I strongly dislike the typical command-line parsing in most C and C++ programs I see in bioinformatics. They are hard-to-read
and hard-to-maintain spaghetti. I prefer al dente. I want the command-line parsing as such to be written once and forgotten,
cleanly separated from the list of options. Using an option should have minimal run-time overhead such that they can be accessed
anywhere except perhaps innermost loops. Warnings should be issued for unused options to mitigate the difficulty in
documenting which options apply to which commands. The set of options is a list requiring #include hacks (see above).
A variable which is an option should be evident in the code; this is achieved by calling a global variable opt_name
or
by using macro opt()
(only one of these styles applies, depending on which version of myutils
is included).
A global boolean optset_name
is used to check if the option was set on the command line.

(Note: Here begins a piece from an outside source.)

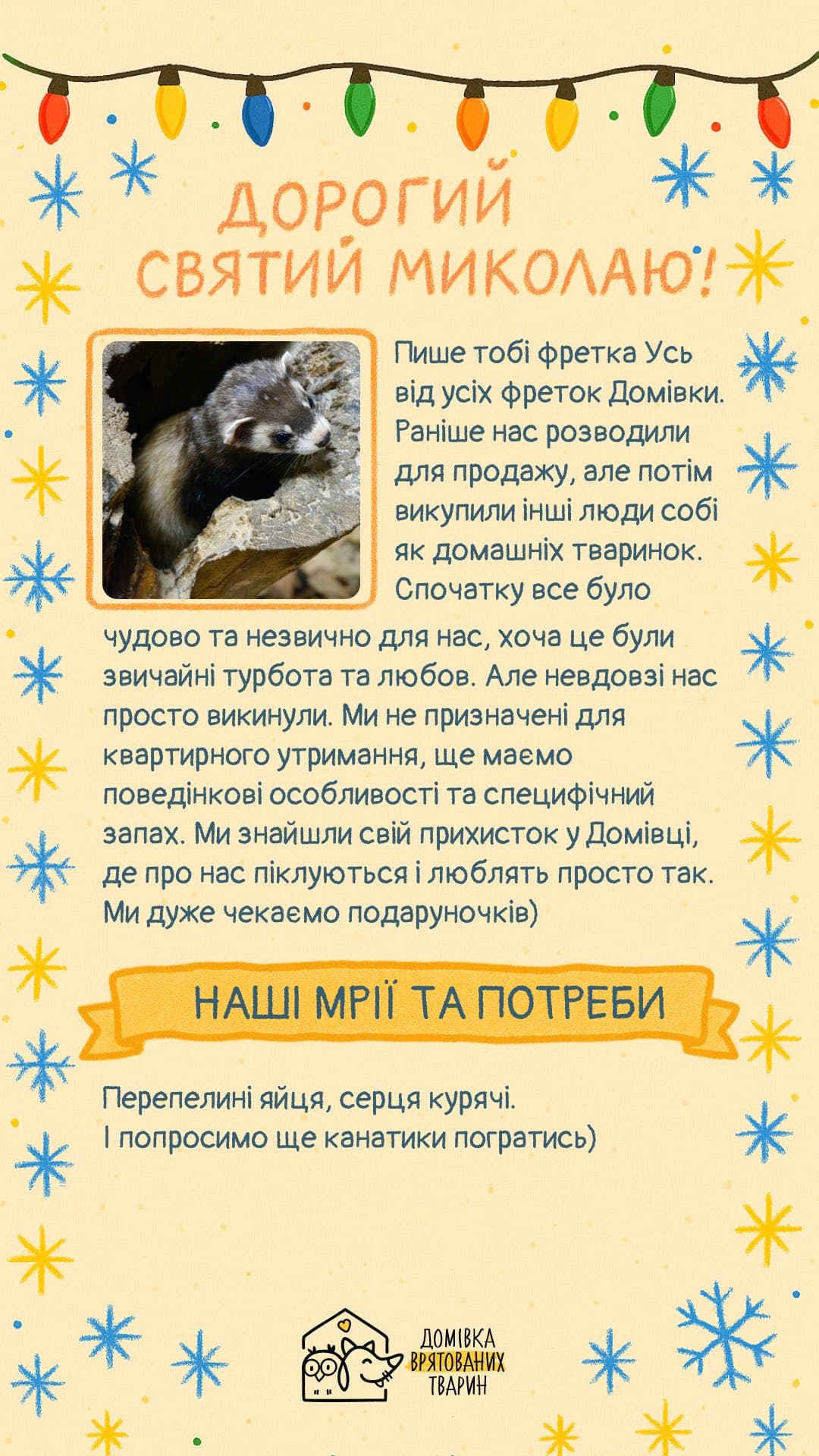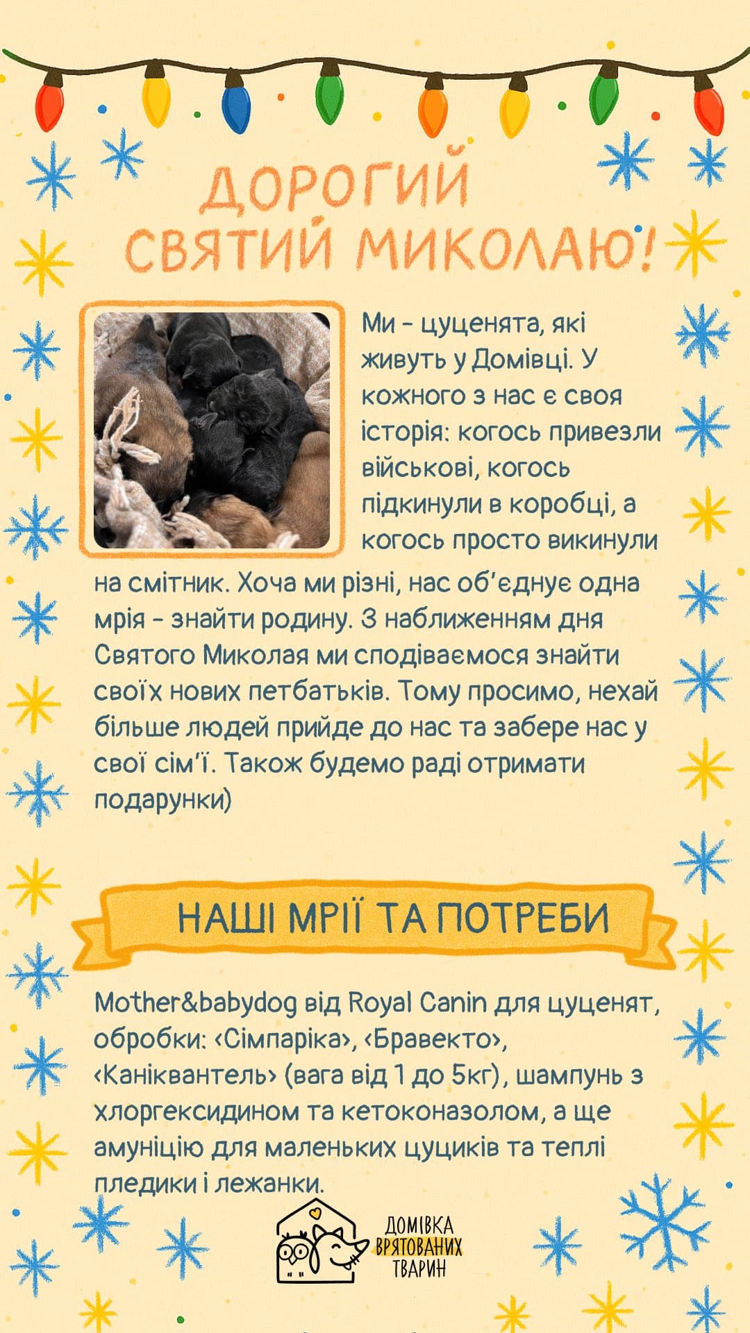 «Можливо, хтось скаже, що тварини не вміють писати, але ці аркуші доводять протилежне: вони подряпані кігтями, із плямками від носиків і шерстю. У кожному з них — щире прохання про щось дуже потрібне», — зазначають у Домівці.

A command is a special case of a command-line option. It always takes a string value. The list
of commands is in cmd.h
.
The main program will call a function named cmd_name()
for command name
, e.g. if the command line
starts with -usearch_global
then main()
will call cmd_usearch_global()
with no arguments. To access
the value, use opt(usearch_global)
or opt_usearch_global
depending on the version of myutils
.
In more recent code, the global variable g_Arg1
has the string value of the command option.
I use myalloc
and myfree
to wrap malloc
and free
so that fatal errors can be issued; calling code can
assume that the functions succeeded. myalloc
is a macro, usage is myalloc(typename, n)
to allocate
a bufferfor a vector of length n
, e.g. myalloc(int, 10)
.
I assert everything I can think of, usually with asserta
("assert always", i.e. even in a Release build)
unless there is likely to be a meaningful execution penalty, i.e. the assertion is in a
critical inner loop.
I prefer to separate interface from implementation. For example, template classes are very powerful, but
I try to avoid them because the interface is hard to see and the implementation must be written as a
long header file which I find difficult to navigate and to think about when I'm looking at it.
I do use them in a few cases, e.g. Mx<>
in mx.h
. For non-trivial code,
I prefer short functions in short source files; then the code I'm looking at does one well-defined
job without being surrounded by distracting noise. Sometimes my .cpp
files do get quite long,
in a weak violation of this guideline, but in these cases I usually have a shortish .h
file defining
a class interface, and Visual Studio allows me to jump straight to the member function by pressing [F12]
so I don't have to scroll around to find it.
My C++ syntax mostly fossilized in the early 2000's. This is partly laziness (I haven't bothered to learn the new stuff) and partly for practical reasons: using a conservative subset of C++ improves portability and helps make it accessible for collaborators having varying expertise.
blah
I generally use CamelCase. Recently I've found that I prefer typical python style (see e.g. https://google.github.io/styleguide/pyguide.html because CamelCase requires way too many Shift-key presses making it harder to type.